Configure Attributes

Survivability mode:

Enable survivability mode on supported cards. This setting only takes effect when probing the device. Example to enable it:

# echo 1 > /sys/kernel/config/xe/0000:03:00.0/survivability_mode

This attribute can only be set before binding to the device.

Allowed engines:

Allow only a set of engine(s) to be available, disabling the other engines even if they are available in hardware. This is applied after HW fuses are considered on each tile. Examples:

Allow only one render and one copy engines, nothing else:

# echo 'rcs0,bcs0' > /sys/kernel/config/xe/0000:03:00.0/engines_allowed

Allow only compute engines and first copy engine:

# echo 'ccs*,bcs0' > /sys/kernel/config/xe/0000:03:00.0/engines_allowed

Note that the engine names are the per-GT hardware names. On multi-tile platforms, writing rcs0,bcs0 to this file would allow the first render and copy engines on each tile.

The requested configuration may not be supported by the platform and driver may fail to probe. For example: if at least one copy engine is expected to be available for migrations, but it’s disabled. This is intended for debugging purposes only.

This attribute can only be set before binding to the device.

PSMI

Enable extra debugging capabilities to trace engine execution. Only useful during early platform enabling and requires additional hardware connected. Once it’s enabled, additionals WAs are added and runtime configuration is done via debugfs. Example to enable it:

# echo 1 > /sys/kernel/config/xe/0000:03:00.0/enable_psmi

This attribute can only be set before binding to the device.

Context restore BB

Allow to execute a batch buffer during any context switches. When the GPU is restoring the context, it executes additional commands. It’s useful for testing additional workarounds and validating certain HW behaviors: it’s not intended for normal execution and will taint the kernel with TAINT_TEST when used.

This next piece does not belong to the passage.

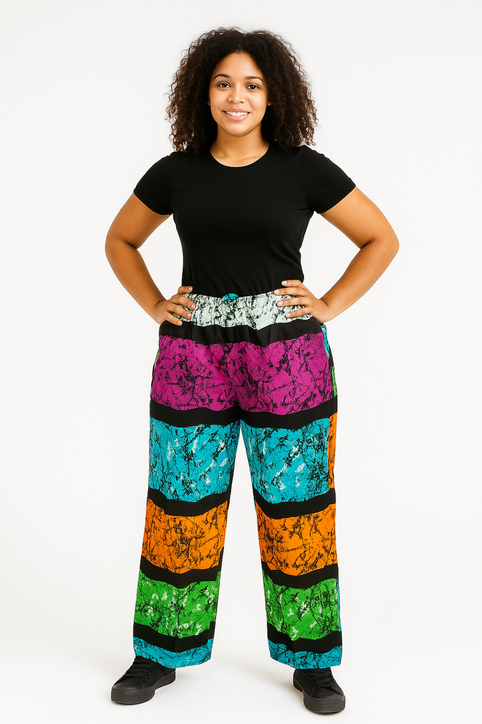 a bold expression of movement and energy through color Baggy Pants. Featuring vivid horizontal bands in cracked marble textures of purple, aqua, orange, green, and electric blue, this vibrant design is sectioned with bold black dividers for a sleek, structured aesthetic. Perfect for fearless fashionistas and those who love to channel color into their confidence.

The syntax allows to pass straight instructions to be executed by the engine in a batch buffer or set specific registers.

  1. Generic instruction:

    <engine-class> cmd <instr> [[dword0] [dword1] [...]]
    
  2. Simple register setting:

    <engine-class> reg <address> <value>
    

Commands are saved per engine class: all instances of that class will execute those commands during context switch. The instruction, dword arguments, addresses and values are in hex format like in the examples below.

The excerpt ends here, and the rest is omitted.